Records excerpted from a collection:
▽

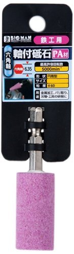 金属加工・バリ取り 刃物・工具の研削六角軸:6.35mm 形状:円筒型 サイズ:φ20×38mm 粒度:#60 最高許容回転数:5000rpm
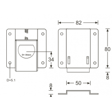 Stock JSF 2,40 € TTC 2,00 € HT ADAM HALL - Arrêtoir de couvercle grand avec charnière avec passage de profilé (Neuf)
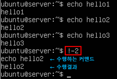 '내가 2번째 전에 쳤던 명령어, 3번째 전에 쳤던 명령어' 이런 방식으로 역순으로 명령어를 실행시키고 싶을 수 있겠죠. 그럴 때는 '-'를 붙여서 '!-n'을 치면 됩니다.
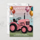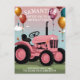 Cute Pink Tractor Birthday Card Invitations & Announcements.
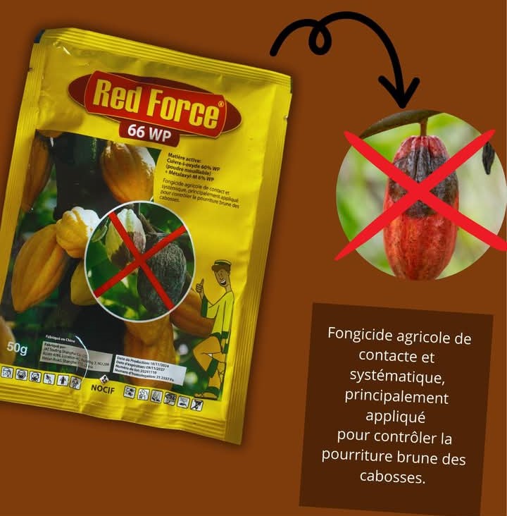 RED FORCE 66 WP est un fongicide agricole en granulés de contact et systémique, principalement appliqué pour maitriser la pourriture brune des cabosses.
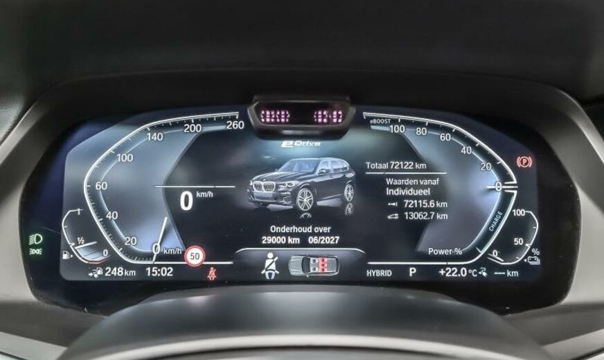 vanaf 03.22, uitlaatgasnorm Euro 6 RDE II, sluiten met Display, uitgebreide CO2 reductie, Teleservices, buitenspiegels dag/nacht automatisch, dakbekleding antraciet, zonneblind zijruiten, geluidswerend glas, comfortzetels voor, Travel Comfort System, akoestische voetgangersbescherming, scheidingsnet bagageruimte, Driving Assistant Professional, pakket kofferruimte, 2998 cc 3,0 L 210 KW benzine /81 KW elektrisch , M Sportremmen, voor 9 J x 20 / achter 10,5 J x 20 Alu orbitgrey, dakreling Individual Shadow Line, Shadow Line hoogglans ruitkaders zwart glanzend , instrumentenbord Sensatec, warmte-comfort pakket voor, binnenlijsten Alu mazeneffect donker, actieve voetgangersbescherming, M aerodynamisch pakket, AWD, EU specifiek, Run Flat banden
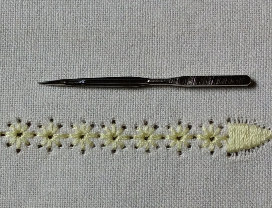 A wing needle may be used to add interesting detail to garments, I’ve tried a few stitches and this hemstitch gives the best effect.
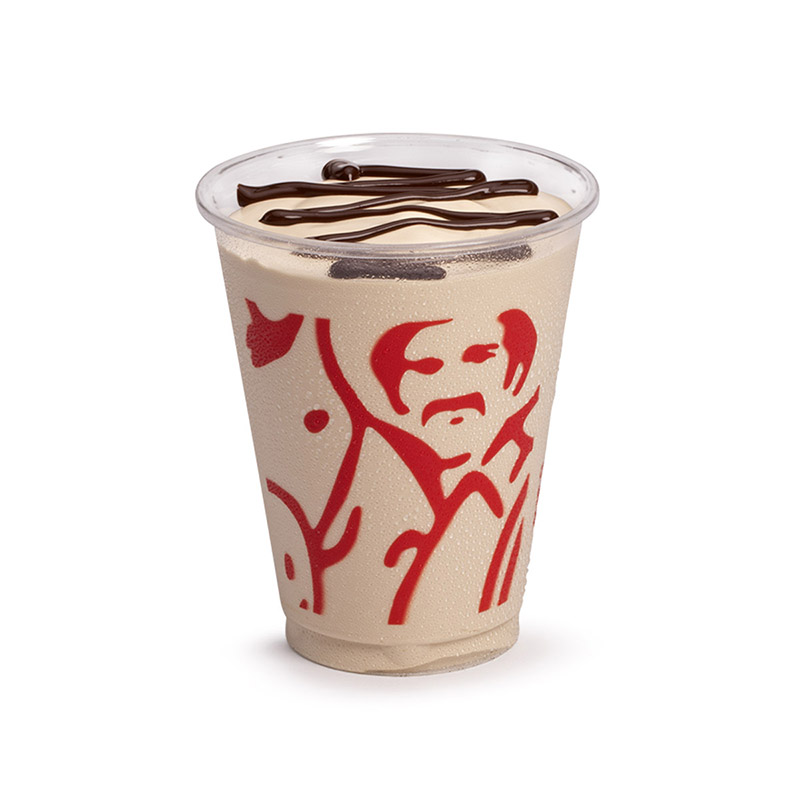 Es una bebida fria y refrescante, preparada con cafe espresso, base lactea, hielo, decorada con crema chantilly .
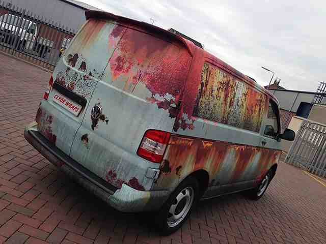 السيارات – يبدو أن فولكس فاجن ترانسبورتر T5 SportLine تعتبر من الأهداف المثيرة للصوص ، ولهذا قرر مالك هذه النسخة من السيارة الفان التي نراها في الصور أن يضيف لسيارته حلة خارجية خاصة غريبة من بلون الصدأ غطت جوانب السيارة من قبل شركة Clyde Wraps في جلاسكو في اسكتلندا.
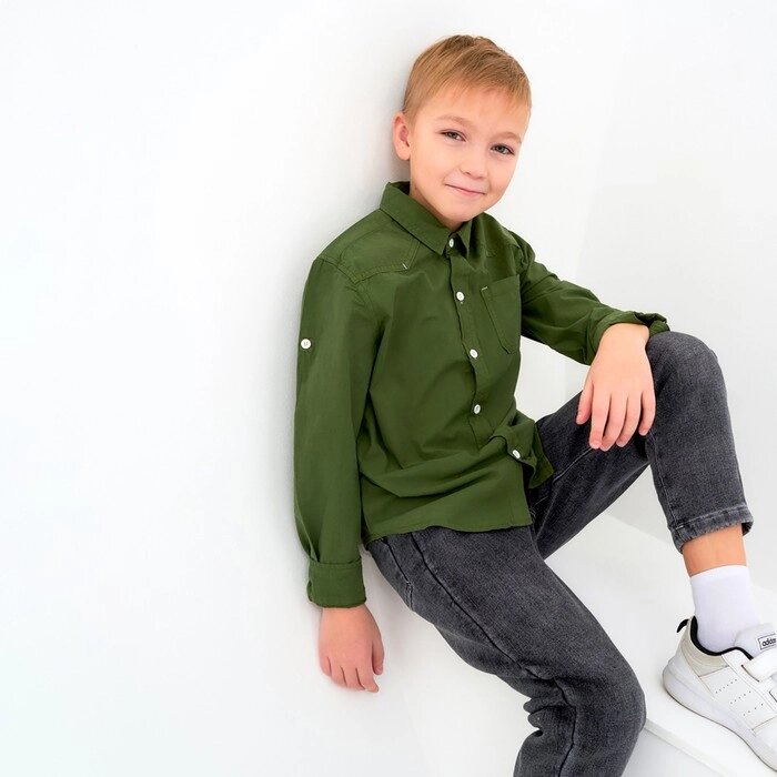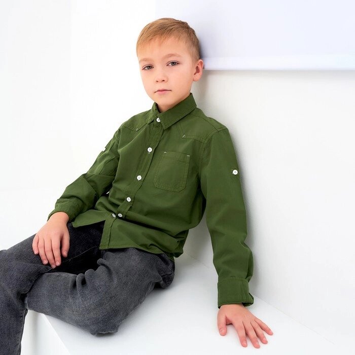 Рубашка для мальчика, цвет хаки, рост 122 см
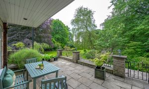 Nestled in 0.7 acres of mature grounds, Ruscello feels a world away from Bolton’s vibrant town centre. An extensive raised and tiered stone terrace wraps around the front and sides of the house to soak in sunlight from morning to evening.
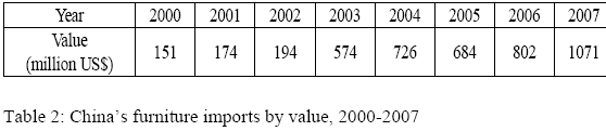 total value of China¡¯s furniture market. Table 2 below
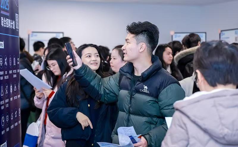 招聘會現場人頭攢動,熱鬧非凡,不少企業攤位前都排起了長隊。來自山東煙臺大學通信工程專業的應屆畢業生岳國震,拖著行李就直奔現場。他興奮地說:“我在社交媒體上看到招聘會信息,就想來碰碰運氣。我姐姐也在園區工作,一直跟我講這里充滿活力,市場潛力大,對青年人才的政策保障也特別給力,就業前景廣闊。”
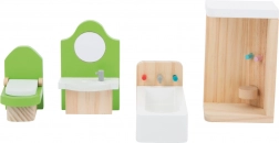 Stílusos babaház-fürdőszoba bútorkészlet, amely örömet szerez minden kis építőnek. Tartalmaz zuhanykabint, kádat, tükrös mosdót és WC-t friss zöld és natúr fa kombinációban. Tömör fából készült a hosszú élettartamért és a biztonságos játékért. Fejleszti a fantáziát és a finommotorikát, és alkalmas 12 cm-ig hajlítható babákhoz.
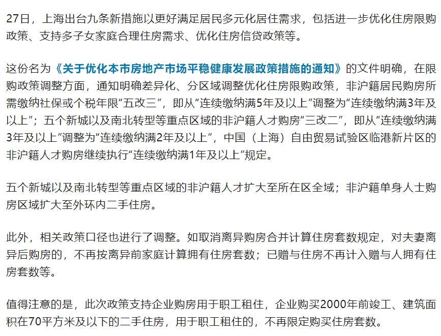 上海出臺“滬九條”,優(yōu)化調整房地產市場政策
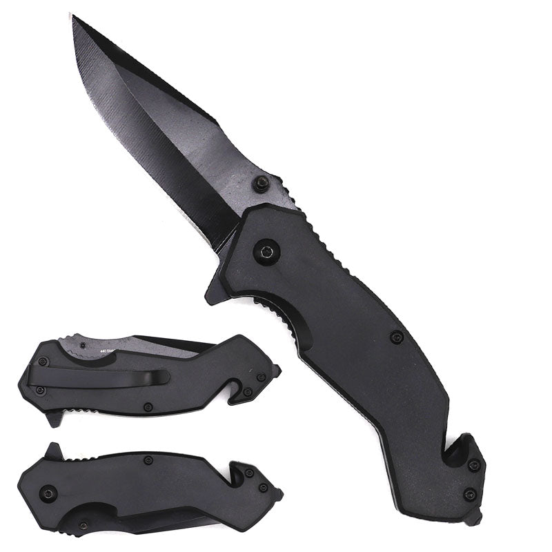 This black coated blade spring assisted knife is 8" in overall length and features a 4 1/2" black handle and a 3 1/2" 440 stainless steel blade for superior durability and corrosion resistance. Easily open and close with the spring assisted mechanism.
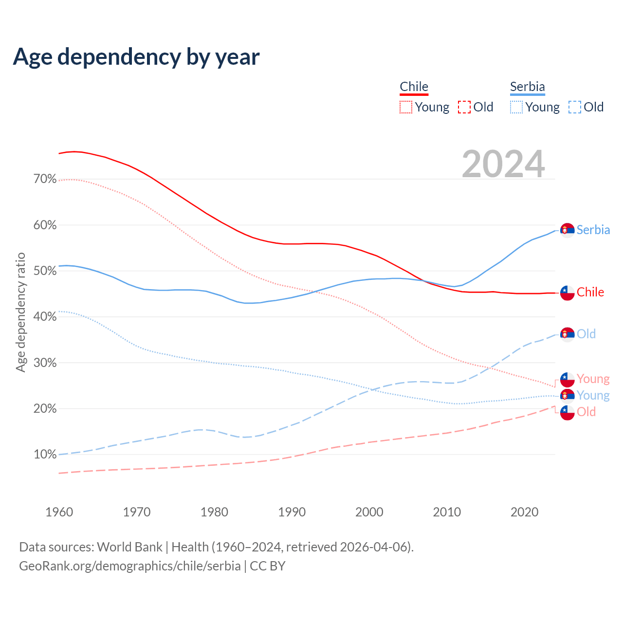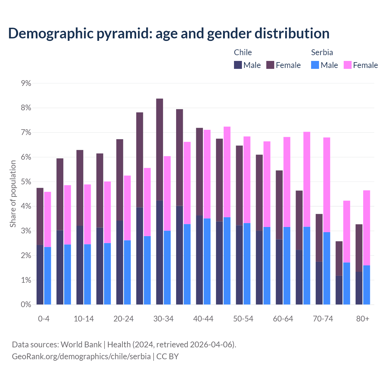 - Chile is ranked 61/196 by median age (oldest to youngest) vs 15/196 for Serbia.
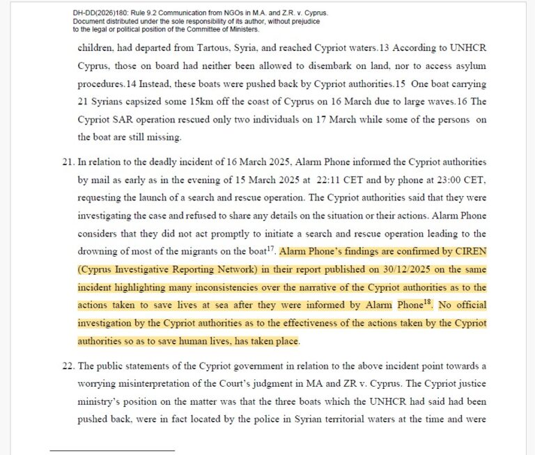 Στην έκθεση των ΜΚΟ έγινε επίσης αναφορά στο τραγικό περιστατικό του ναυαγίου με μετανάστες που σημειώθηκε τον Μάρτιο του 2025 ανοικτά του Κάβο Γκρέκο με 7 νεκρούς και 12 αγνοούμενους και συγκεκριμένα στα ευρήματα δημοσιογραφικής έρευνας του δικτύου CiREN που κατέδειξαν ασυνέπεια σε σχέση με τα όσα υποστήριξαν οι κυπριακές αρχές περί άμεσης ανταπόκρισης στο περιστατικό και τα δεδομένα που συλλέχθηκαν από ανοικτές πηγές και δορυφόρους.
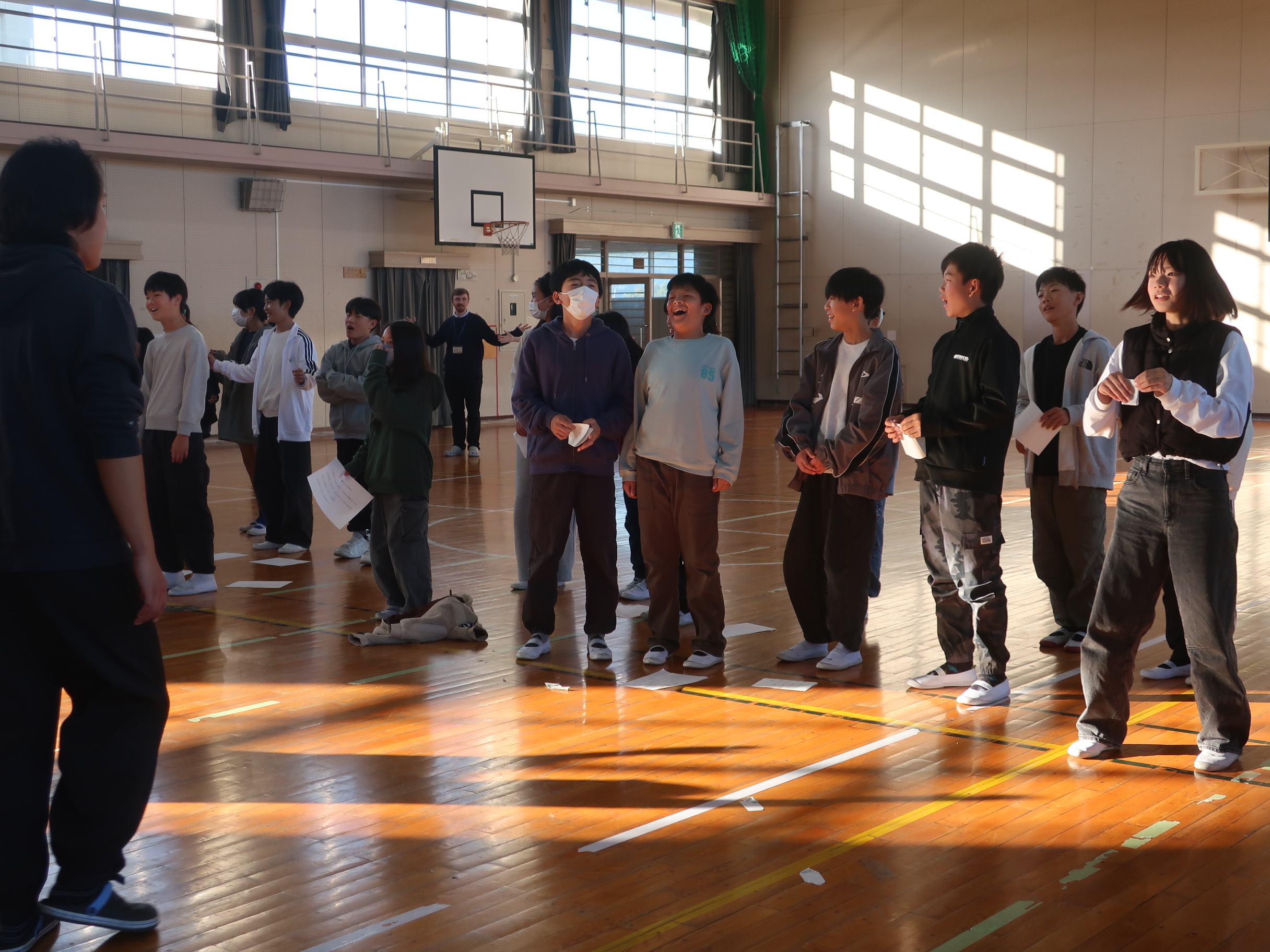 最後には、狂言の「笑い」を体験しました。担任の先生たちが「笑い」をする姿をお手本に子どもたちも「笑い」の体験をして、授業は終了しました。

△

Exercise details:
Once the line with "Stock JSF 2,40" has been found above, output that line and every later line exactly, stopping after the line with "Cute Pink Tractor", and omit the pictures.

Finished exercise:
 Stock JSF 2,40 € TTC 2,00 € HT ADAM HALL - Arrêtoir de couvercle grand avec charnière avec passage de profilé (Neuf)
 '내가 2번째 전에 쳤던 명령어, 3번째 전에 쳤던 명령어' 이런 방식으로 역순으로 명령어를 실행시키고 싶을 수 있겠죠. 그럴 때는 '-'를 붙여서 '!-n'을 치면 됩니다.
 Cute Pink Tractor Birthday Card Invitations & Announcements.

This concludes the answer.